Voice AI and "Enterprise Packages": Betting on Revenue, Not Demos
The voice AI segment is transitioning from the "wow effect" phase to systematic implementation: contact centers, employee training, sales, content localization, and multilingual interfaces. Notably, large funding rounds are being secured by players developing corporate products and scalable sales channels.
ElevenLabs raised $500 million in Series D funding at an estimated valuation of around $11 billion. This deal confirms two trends:
- investors are willing to pay for a sustainable enterprise trajectory and clear monetization scenarios;
- the market expects voice to become the standard interface for AI agents in support and sales, rather than a separate "feature."
Fintech and M&A Deals: The Market is Re-evaluating Risk and Asset Quality
Amidst software volatility, pressure on valuations is intensifying, particularly in B2B SaaS and fintech. This is influencing negotiations surrounding M&A deals and plans for public placements.

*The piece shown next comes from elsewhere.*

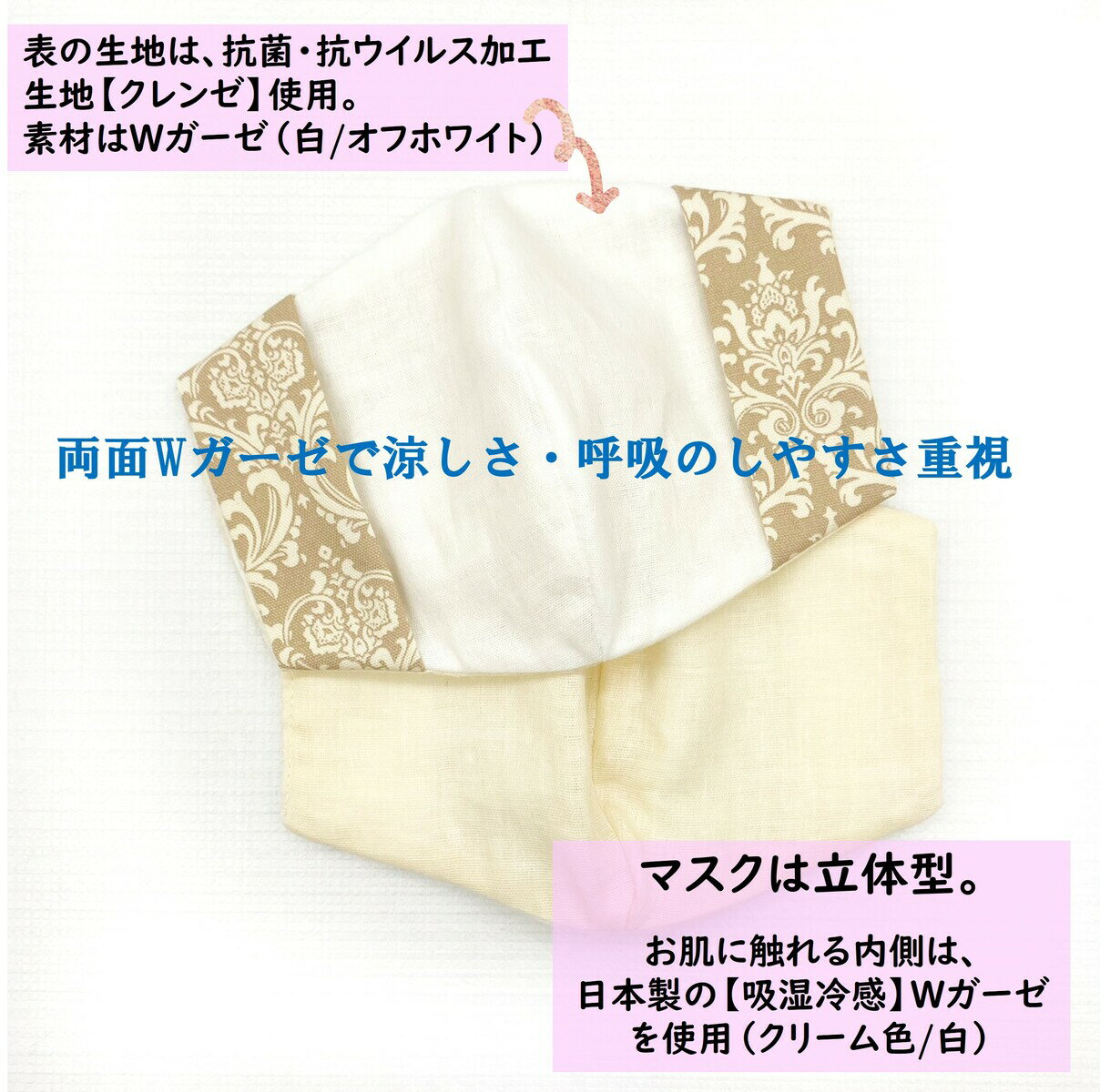 また、表生地の抗菌・抗ウイルス加工生地【クレンゼ】を、張りのあるブロード生地から柔らかくて風通しのいいWガーゼタイプに変更しました。

Some companies are delaying IPOs or reducing placement parameters to avoid locking in "negative" valuations compared to the expectations of previous years.
For the venture market, this indicates an increased likelihood of two scenarios:
- Consolidation — strong players are acquiring products/teams to quickly address functional gaps and reduce development costs;
- Down-round or flat-round — rounds without valuation growth but with runway preservation and a focus on profitability.

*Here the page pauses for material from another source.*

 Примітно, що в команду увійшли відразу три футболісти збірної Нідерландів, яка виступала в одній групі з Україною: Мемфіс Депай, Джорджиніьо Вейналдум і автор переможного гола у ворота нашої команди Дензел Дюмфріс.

Europe and the UK: Capital is Flowing into Energy, Sustainability and Industrial Cases
In Europe, including the UK, venture investments remain focused on areas where innovations are packaged into a clear regulatory and corporate logic: energy infrastructure, greentech, recycling, and industrial efficiency. This reflects a more "conservative" demand structure from large clients and government.
- Growing interest in platforms for energy markets and transaction management.

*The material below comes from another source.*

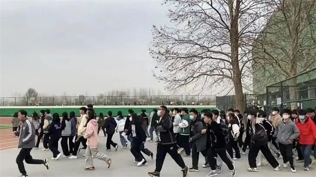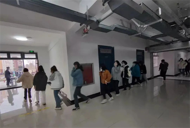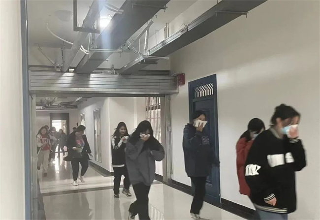 3月3日下午4:30,消防应急疏散演练正式开始。随着“警报”响起,学生们迅速用湿毛巾捂住口鼻、抱头、弓腰,按照安全疏散路线,冷静、快速地撤离。
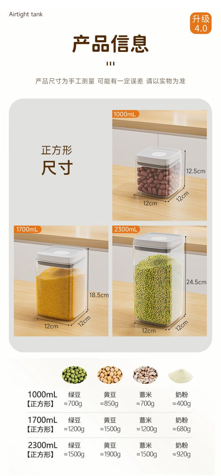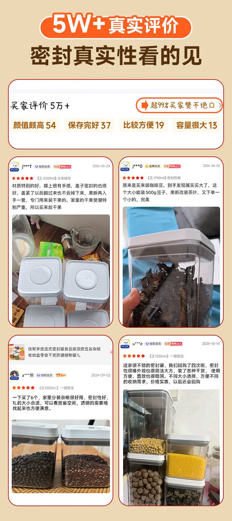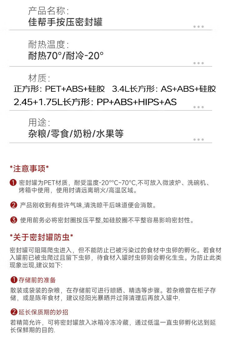 Best helper press-type sealed jar food-grade kitchen grain storage box snack dry goods moisture-proof storage jar 1L

- Technologies related to circular economy and recycling are receiving funding due to ties with contracts and industry pilots.
Venture Funds Interest Map for the Week
If we summarize the key signals, the global venture market in mid-February 2026 looks like this:
- Top sector: AI (models, agents, infrastructure, chips, energy savings in data centers).
- Growth strategy: enterprise sales, partnerships with cloud providers and major integrators.
- Deals: large rounds for leaders and stricter conditions for "mid-market" players.
- Exits: the IPO window remains selective; M&A is becoming more realistic where there are synergies and cost savings.
What This Means for Investors: Practical Takeaways
For venture investors and funds, the key task in the coming weeks is to avoid overpaying for "narratives" while maintaining access to AI growth. In a context where public multiples fluctuate and IPOs are postponed, the cost of mistakes is rising, but the value of discipline is also increasing.
- In late-stage investing, check how a company defends itself against price competition and what the cost of inference is at scale.
- In growth/Series B-C, seek vertical AI cases with measurable ROI for clients and short implementation cycles.
- In seed, prioritize teams with rare expertise (chips, infrastructure, security, industrial AI), where barriers are higher and the risk of "commoditization" is lower.
- For the portfolio, prepare a plan for the next 12-18 months: extending the runway, optional bridges, engaging with the secondary market, and M&A scenarios.
The main takeaway of the day: venture investments in 2026 remain globally active, but the market demands proof. Startups that transform AI from a loud promise into operational efficiency, revenue, and scalable products will emerge victorious.